Legal basis for processing personal data
Under Article 6 of the United Kingdom General Data Protection Regulation (UK GDPR), the lawful basis we rely on for processing this information is:
e) public task (necessary to perform a task in the public interest or in the exercise of our official functions): for the processing of all other personal data
Under Article 9 of the UK GDPR, the condition we rely on for processing any special category data is:
h) health and social care (necessary for the purposes of preventative or occupational medicine, the provision of health or social care treatment and the management of health or social care systems and services)
Data processors and other recipients of personal data
This consultation is hosted via an online platform owned by SocialOptic, who are a contracted supplier of DHSC. SocialOptic will delete any personal data in line with the retention and disposal periods outlined in this privacy notice, or earlier if instructed to do so by DHSC.
Personal data if provided will be shared internally within DHSC with employees involved in this consultation. Some analysis of responses may also be undertaken by external consultants who will not have access to the full survey data and who will be contractually bound to adhere to DHSC policies.
International data transfers and storage locations
All data is stored on DHSC secured platforms in the UK.
Storage of data by SocialOptic is provided via secure servers located in the UK.
Retention and disposal policy
We will keep your information for one year and then will dispose of it from our DHSC secured platform.
How we keep your data secure
All data is stored on secure a DHSC platform and only people involved in the consultation will have access to this.
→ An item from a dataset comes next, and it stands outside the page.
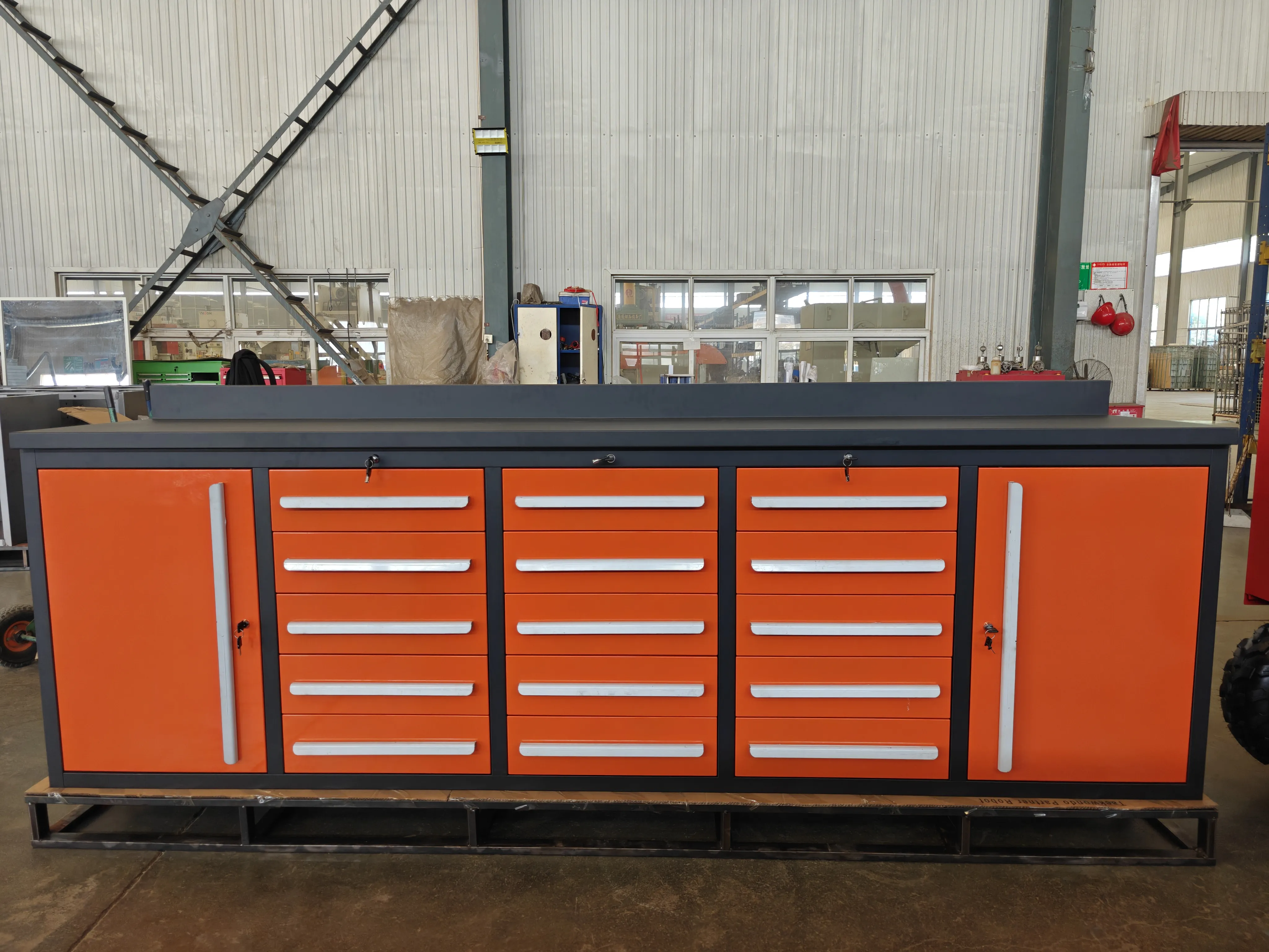 Ang tuktok ng gabinete ay maaaring magamit ng berdeng guhit na goma, pag -edit, pagguhit ng board, mailipat na drawer ng back, square hole hanging board o louver na nakabitin na board upang mapalawak ang pag -andar ng tool cabinet.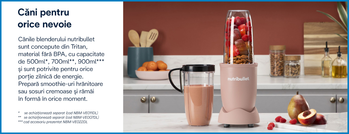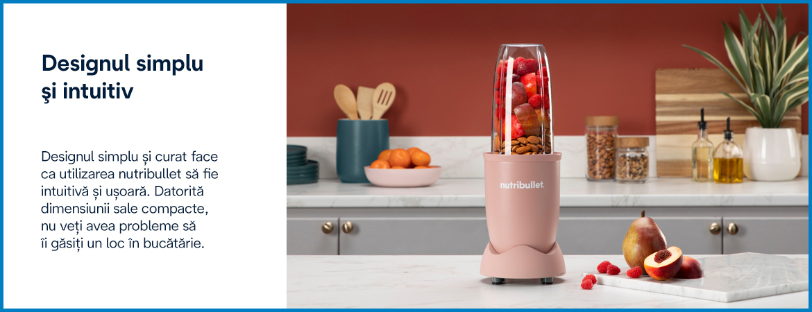 Designul simplu și curat face ca utilizarea nutribullet să fie intuitivă și ușoară. Datorită dimensiunii sale compacte, nu veți avea probleme să îi găsiți un loc în bucătărie.

Your rights as a data subject
By law, data subjects have a number of rights, and this processing does not take away or reduce these rights under the EU General Data Protection Regulation (2016/679) and the UK Data Protection Act 2018 applies.
These rights are:
- the right to get copies of information - individuals have the right to ask for a copy of any information about them that is used
- the right to get information corrected - individuals have the right to ask for any information held about them that they think is inaccurate, to be corrected
- the right to limit how the information is used - individuals have the right to ask for any of the information held about them to be restricted - for example, if they think inaccurate information is being used
- the right to object to the information being used - individuals can ask for any information held about them to not be used. However, this is not an absolute right, and continued use of the information may be necessary, with individuals being advised if this is the case
- the right to get information deleted - this is not an absolute right, and continued use of the information may be necessary, with individuals being advised if this is the case
Comments or complaints
Anyone unhappy or wishing to complain about how personal data is used as part of this programme should contact data_protection@dhsc.gov.uk in the first instance or write to:
Data Protection Officer
1st Floor North
39 Victoria Street
London
SW1H 0EU
Anyone who is still not satisfied can complain to the Information Commissioner’s Office.
Their postal address is:
Information Commissioner’s Office
Wycliffe House
Water Lane
Wilmslow
Cheshire
SK9 5AF
Automated decision making or profiling
No decision will be made about individuals solely based on automated decision making (where a decision is taken about them using an electronic system without human involvement) which has a significant impact on them.
Changes to this policy
We keep this privacy notice under regular review, and we will update it if necessary. All updated versions will be marked by a change note on the consultation page. This privacy notice was last updated on 18 March 2024.